Именно этот жизненный водоворот завязывает неразрешимые узлы нашей собственной жизни, узлы, тошнотворно повторяющиеся и заставляющие нас жить так, как живет белка в колесе. Распутывание этих узлов обычно состоит в том, что человек пытается расшифровать знаки, установить, что было на самом деле, предполагая разницу между тем, что он видел, что ему показалось, и тем, что было на самом деле, что в действительности переживалось и каков был смысл. Чтобы установить этот смысл, и нужен Путь, к. есть надо начать что-то делать, прийти в движение. И, очевидно, у этого движения есть своя топография, очень похожая на то, как Пруст описывает в своем романе разные виды, которые открываются герою в зависимости от того, какую точку он на горе занимает…

Вы знаете, как обманчива горная перспектива. В горах мы всегда ошибаемся в локализации предметов, в определении дистанций. Так вот, уподобьте то, о чем я буду говорить, горному пейзажу. События ведь входят в нашу жизнь, в миры нашего сознания какими-то углами: смысл их известен в каком-то другом мире, а в нашем мире он неизвестен. Представьте себе, что вы ребенок и взрослые на ваших глазах решают какие-то свои проблемы. События из мира взрослых, от которых вы зависите  (скажем, родители переезжают из одного города в другой), врываются в ваш детский мир в виде метеоритов; то есть вне понятной связи жизненного мира ребенка. Они входят непонятными углами, и иногда эти углы имеют очень угрожающие, роковые очертания, радикально меняющие жизнь ребенка. Поскольку они меняют ее, повторяю, приходя вне понятных жизненных связей.

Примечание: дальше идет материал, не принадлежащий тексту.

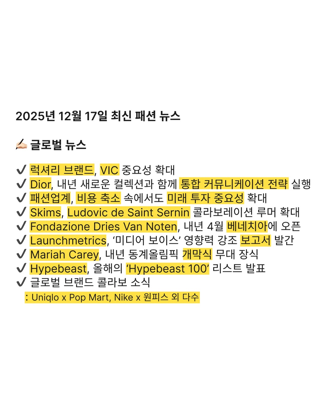 • 에르메스는 다음 달 한국 시장에서 의류·가방·주얼리 등 주요 제품에 대해 가격 인상을 단행; 최근 셀러(판매자)를 통해 내년 1월 인상 계획을 안내하기 시작

Представьте себе рыбу, которая живет в аквариуме и для которой ее собственный мир бесконечен (я употребляю сейчас образ Пруста); ведь стенки аквариума, отражаясь в воде, бесконечно продолжают саму водную среду. Куда бы рыба ни посмотрела — везде вода. Так же, как бы ни посмотрели мы своим глазом, мы увидим лишь то, что может увидеть глаз, и только это. Поле зрения человека тоже в каком-то смысле бесконечно, хотя мир, в котором живет человек, может быть вполне конечным, граничным, но границу эту мы не видим, потому что глазом можно всегда и бесконечно видеть то, что видит глаз. Рыба же бесконечно видит воду, и вдруг в аквариум опускается рука (метеорит из другого мира), и эту бедненькую рыбу, которая жила в блаженной уверенности о бесконечной продолжительности своего мира, вынимает из воды. Так вот, весь роман Пруста (как и философия, кстати) построен вокруг этого простого акта. Значит, в мир ребенка, который одержим потребностью любви и прежде всего материнской любви, в этот мир входят события и они входят совершенно непонятными сторонами. Гений же Пруста состоит в том, что он способен не верить своему «рыбному мироощущению», в том, что он с самого начала живет на границе — в предположении, что есть другое, и оно вторгается в наш мир в виде существенных событий (для рыбы ведь безразлично, что ее можно вынуть из аквариума и она погибает). И вот, имея это сознание, Пруст начинает распутывать смыслы, которые построены как знаки, как знамения.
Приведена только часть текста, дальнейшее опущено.